DIRECTIONS FOR THIS TASK:
Each line of the listing below must be retyped exactly, with images left out.

STORED DATA:
-------
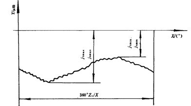 雙嚙法測量的側(cè)隙在帶零線的徑向綜合誤差曲線(圖47)上取值。X軸就是零線,X坐標(biāo)代表大齒輪的回轉(zhuǎn)角,Y坐標(biāo)代表側(cè)隙。曲線在X坐標(biāo)360°范圍內(nèi),Y坐標(biāo)的最小負(fù)值為jn min(或jt min),最大負(fù)值為jn min(或jt min)。
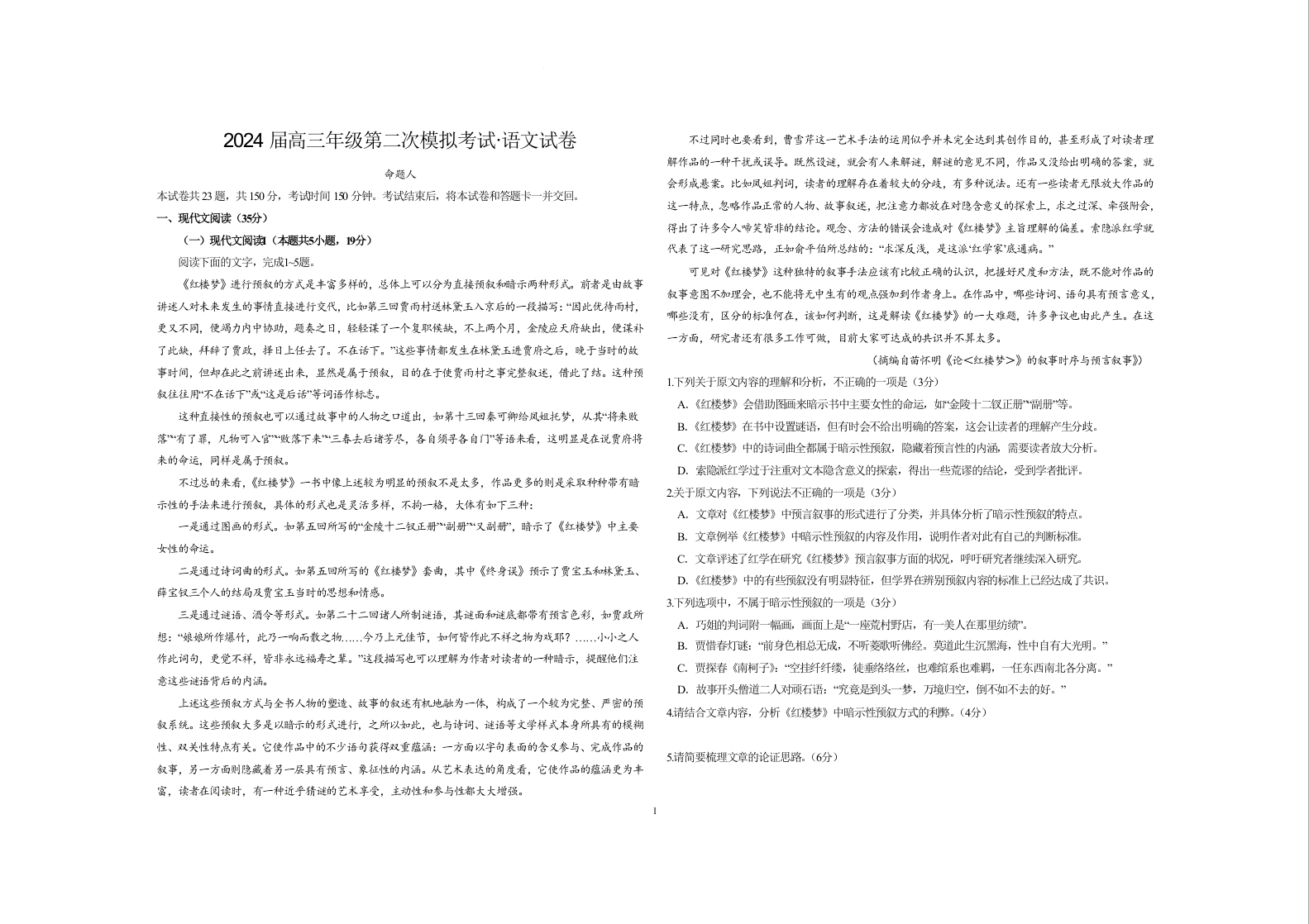 2024届河南省鹤壁市高中高三上学期第二次模拟考试 语文
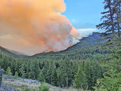 8月2日在加拿大不列颠哥伦比亚省坎卢普斯市以西约100公里处拍摄的野火情况。(新华社发)
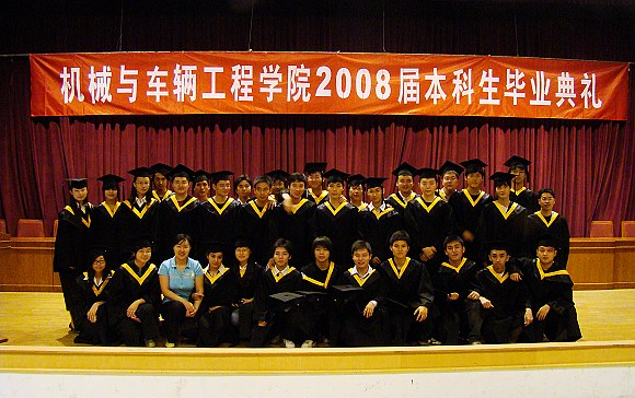 学生代表栗鹏同学代表全体2008届毕业生发言:四年前,不同的际遇、不同的生活、不同的理想让我们走到一起,走进机械与车辆工程学院,分别的时候,衷心祝愿大家有同样成功的事业,同样灿烂的未来,同样精彩的人生。感谢学校、学院为我们搭建了这么好的学习、发展的平台,感谢学院所有老师们对我们的培养和爱护。祝所有的同学在新的人生路途上,一路顺风。
-------
OUTPUT OF THE TASK:
 雙嚙法測量的側(cè)隙在帶零線的徑向綜合誤差曲線(圖47)上取值。X軸就是零線,X坐標(biāo)代表大齒輪的回轉(zhuǎn)角,Y坐標(biāo)代表側(cè)隙。曲線在X坐標(biāo)360°范圍內(nèi),Y坐標(biāo)的最小負(fù)值為jn min(或jt min),最大負(fù)值為jn min(或jt min)。
 2024届河南省鹤壁市高中高三上学期第二次模拟考试 语文
 8月2日在加拿大不列颠哥伦比亚省坎卢普斯市以西约100公里处拍摄的野火情况。(新华社发)
 学生代表栗鹏同学代表全体2008届毕业生发言:四年前,不同的际遇、不同的生活、不同的理想让我们走到一起,走进机械与车辆工程学院,分别的时候,衷心祝愿大家有同样成功的事业,同样灿烂的未来,同样精彩的人生。感谢学校、学院为我们搭建了这么好的学习、发展的平台,感谢学院所有老师们对我们的培养和爱护。祝所有的同学在新的人生路途上,一路顺风。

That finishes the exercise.